Lo que hacían en ese momento en Ceylán, en el Valle del Cauca, los conservadores, en otra parte lo
hicieron después los liberales, más tarde lo hicieron los guerrilleros, y finalmente lo hicieron con renovada
crueldad los paramilitares, bien ayudados por el Estado, precisamente porque somos el país de la
memoria borrada, del pasado escindido, el país del silencio obligatorio y de la conciencia trunca. Y el arte
está ahí, entre tantas cosas para ayudarnos a no perder la memoria y a no extraviarnos en la locura de la
indiferencia, que incuba y prepara siempre las masacres por venir.

Da miedo leer las sesenta páginas siguientes. Pero sé que es preciso leerlas, y leer Carretera al mar (1954)
de Tulio Bayer, y leer Lo que el cielo no perdona (1954) de Fidel Blandón Berrío, y Siervo sin tierra (1954)
de Eduardo Caballero Calderón, y Chambú (1948) de Guillermo Edmundo Chaves, y Cóndores no
entierran todos los días (1972) de Gustavo Álvarez Gardeazábal, y leer La mala hora de Gabriel García
Márquez, todas las grandes novelas de la violencia colombiana, desde El día del odio de José Antonio
Lizarazo hasta La resignada paz de las astromelias (2002) de Rubén Darío Zapata Yepes.

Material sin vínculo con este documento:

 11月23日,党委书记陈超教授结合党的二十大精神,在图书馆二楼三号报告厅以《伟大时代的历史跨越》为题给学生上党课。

Y leer todos los
libros testimoniales que se han escrito valientemente en las últimas décadas, empezando por La violencia
en Colombia de monseñor Germán Guzmán y Eduardo Umaña Luna; leer los hermosos y poderosos libros
de Alfredo Molano, y los valientes libros de Arturo Alape, y los incontables libros con que el talento y la
conciencia de Colombia han querido vacunarnos contra el horror, salvarnos de la locura, que, como decía
Schopenhauer, es la pérdida de la memoria.

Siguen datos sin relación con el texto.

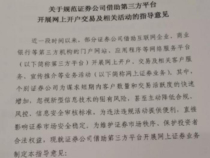 近一段时间以来,部分证券公司借助互联网企业、商业银行等第三方机构的门户网站、应用程序等网络服务平台(简称第三方平台)开展网上开户、交易及相关客户服务、宣传推介等业务活动(简称网上证券业务),其中,个别证券公司为谋求短期内客户数量和交易活跃度的快速增加,忽视了新兴信息技术的固有风险,甚至主动降低合规、风控、信心安全审核标准,为违法违规活动提供便利、直接影响证券市场安全稳定。

Esta novela, Viento seco, de Daniel Caicedo, tiene sesenta años, está cumpliendo sesenta años. Veinte años
menos de los que está cumpliendo la violencia en Colombia, que ha recibido tantos nombres a lo largo del
tiempo, pero que algún día recibirá su nombre verdadero.

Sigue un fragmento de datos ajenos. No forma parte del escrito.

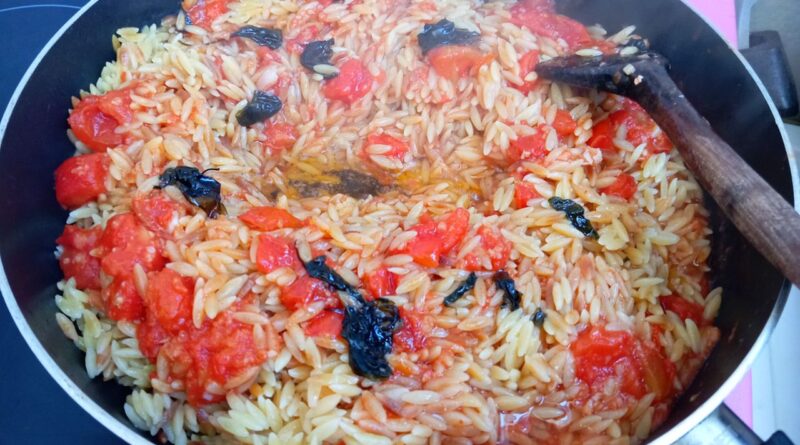 Домашни рецепти – Арпа фиде с чесън, домати и босилеково олио

Y la razón principal por la cual conviene leer todo esto, no es para atizar odios, ni para perpetuar
resentimientos, ni para buscar culpables, ni para cazar brujas, sino para saber a qué atenernos frente a la
condición humana, para entender que somos humanos, y que, como decía Wells, “nadie puede ser nada
peor”.

Que por eso el Estado no puede jugar al juego espantoso de seguir favoreciendo intereses privados, que la
fuerza del Estado no está para maltratar a los ciudadanos ni para castigarlos por sus opiniones ni para
perseguirlos por sus creencias ni para ofenderlos por pensar distinto.

Que el Estado está para aplicar y hacer respetar unas leyes nacidas del consenso, que de verdad
representen un contrato social, que sean una respuesta a las necesidades y sean dictadas en defensa de los
derechos de las mayorías.

Da miedo leer las otras sesenta páginas. Pero debe dar más miedo no leerlas.